L'État contre les jeunesL’article tombe à point, car cette semaine j’ai assisté au lancement du livre d’Éric Duhaime, L’état contre les jeunes.

Il est facile à lire, en moins de 4 heures je l’ai lu et donne un bon aperçu de la problématique intergénérationnel.

Dans d’autres carnets, j’ai souvent mentionné cette iniquité de distribution de richesse et de privilège créant un sérieux potentiel de conflits sociaux.

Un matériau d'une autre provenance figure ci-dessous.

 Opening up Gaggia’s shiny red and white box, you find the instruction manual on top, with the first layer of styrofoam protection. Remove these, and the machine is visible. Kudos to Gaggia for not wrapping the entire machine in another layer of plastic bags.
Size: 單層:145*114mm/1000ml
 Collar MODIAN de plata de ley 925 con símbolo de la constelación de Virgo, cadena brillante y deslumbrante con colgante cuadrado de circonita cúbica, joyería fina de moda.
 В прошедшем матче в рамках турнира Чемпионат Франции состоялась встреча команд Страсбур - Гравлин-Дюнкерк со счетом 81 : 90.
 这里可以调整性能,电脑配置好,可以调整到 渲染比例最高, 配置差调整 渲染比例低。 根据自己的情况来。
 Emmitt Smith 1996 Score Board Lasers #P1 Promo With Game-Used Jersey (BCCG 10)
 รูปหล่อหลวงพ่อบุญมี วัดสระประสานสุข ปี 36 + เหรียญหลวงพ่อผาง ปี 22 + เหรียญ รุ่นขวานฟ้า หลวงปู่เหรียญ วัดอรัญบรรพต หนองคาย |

Deux iniquités flagrantes sont présentes dans notre modèle québécois.

1.      Iniquité entre le privé et le public : La noblesse de la fonction publique et la royauté politique se sont donné des privilèges au détriment de ceux qui créent la richesse. Ils se sont donné des retraites dorées sur leur dos, quand plus de 72 % de ceux-ci n’ont même pas un régime fourni par leur employeur et en plus la moitié d’entre eux risque d’être sur le seuil de la pauvreté quand ils vont être à la retraite.

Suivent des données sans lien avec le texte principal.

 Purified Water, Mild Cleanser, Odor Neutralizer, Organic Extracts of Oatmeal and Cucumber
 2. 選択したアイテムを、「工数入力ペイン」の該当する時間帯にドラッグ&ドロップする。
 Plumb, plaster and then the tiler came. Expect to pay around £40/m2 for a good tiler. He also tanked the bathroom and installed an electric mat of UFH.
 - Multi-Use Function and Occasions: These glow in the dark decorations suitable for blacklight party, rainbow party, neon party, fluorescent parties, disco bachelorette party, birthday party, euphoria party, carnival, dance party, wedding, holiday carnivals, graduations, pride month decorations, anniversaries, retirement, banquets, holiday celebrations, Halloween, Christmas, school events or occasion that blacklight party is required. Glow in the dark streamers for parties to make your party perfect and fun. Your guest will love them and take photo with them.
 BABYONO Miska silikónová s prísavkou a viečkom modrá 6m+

Un sérieux conflit social se prépare, d’autant plus que l’État n’a même pas les moyens d’accorder les retraites dorées que par endettement.

2.      Iniquité intergénérationnelle: Ayant eu des politiciens irresponsables et immoraux puisque les déficits et l'endettement cumulés reportent le fardeau fiscal sur les futurs contribuables qui ne sont pas représentés dans les choix publics courants, puisque ces derniers ne sont pas présents au moment où le déficit se pratique; ce qui en fait un instrument politique immoral.

La pression monte de la part des jeunes, et ces normales, car on s’est drôlement servis d’eux pour utiliser leurs futurs crédits

·        Le taux de chômage élevé dans les pays industriels va être une source de conflits sociaux.

·        Certaines générations se gavent de sécurité d’emplois, ou de fonds de retraite insolvables, tout en transportant les impôts reportés sur le dos des jeunes.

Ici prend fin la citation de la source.